Okky, yang juga Sekretaris Dewan Pakar DPP Partai Persatuan Pembanguan, menuturkan bisnis start-up (rintisan) yang belakangan menjadi tren di Indonesia
semestinya juga tetap memperhatikan soal norma dan aturan main sesuai dengan peraturan yang berlaku. Apalagi, merek dagang "bikini" belum mengantongi izin dari instansi terkait.
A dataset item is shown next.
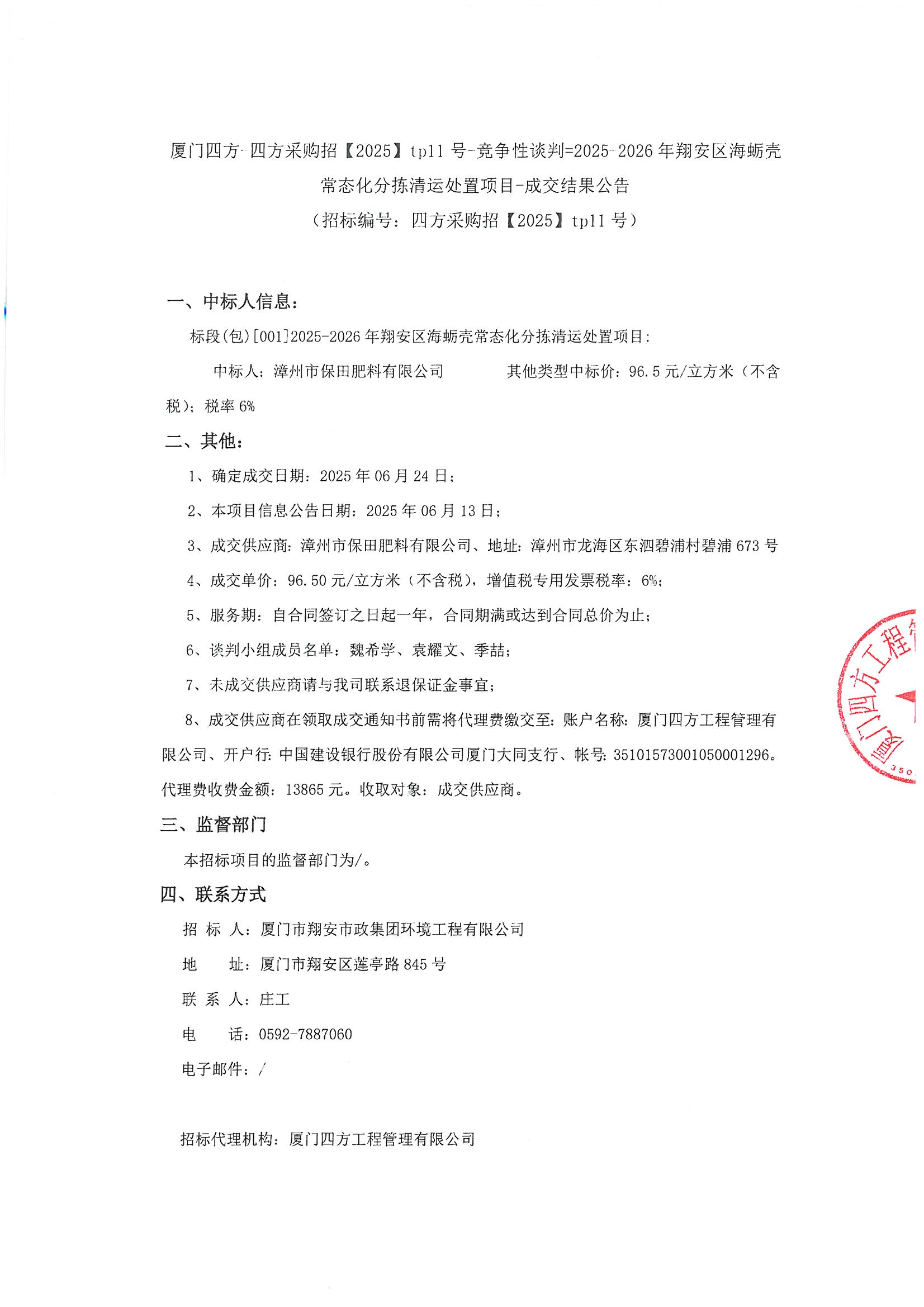厦门四方-四方采购招【2025】tp11号-竞争性谈判=2025-2026年翔安区海蛎壳常态化分拣清运处置项目-成交结果公告

"Mencuatnya polemik cemilan "bikini" ini menjadi peringatan untuk pemerintah agar memberikan edukasi lebih intensif kepada pelaku kreatif di
berbagai lini usaha, agar juga membawa misi edukasi kepada masyarakat," ujar mantan peragawati kondang itu.
Atas kejadian ini, Okky meminta seluruh stakeholder terkait seperti Kementerian Perdagangan, Kementerian Perindustrian, Badan Ekonomi Kreatif (Bekraf), BPOM dan pemerintah daerah (Pemda) agar senantiasa bersinergi memberikan pembinaan terhadap kelompok-kelompok kreatif.
"Kreativitas anak negeri harus didorong untuk maju, namun tetap mengemban misi edukasi kepada publik," tegas dia.
Lebih jauh, Okky menilai, BPOM sebagai otoritas yang bertanggungjawab terhadap produk makanan dan minuman yang beredar di masyarakat seharusnya dapat meningkatkan sensitivitasnya terhadap produk yang beredar baik di pasar offline maupun pasar online.
"Di tengah pesatnya bisnis online seperti seperti saat ini, semestinya pengawasan BPOM jauh lebih ditingkatkan dan menerapkan terobosan-terobosan signifikan."
Sebelumnya, Komisi Perlindungan Anak Indonesia (KPAI) menemukan mi kering tersebut dijual di situs jual beli di internet. Komisioner KPAI Bidang Pornografi dan Kejahatan Siber Maria Advianti mengatakan, peredaran makanan ini dinilai sebagai pelanggaran terhadap undang-undang.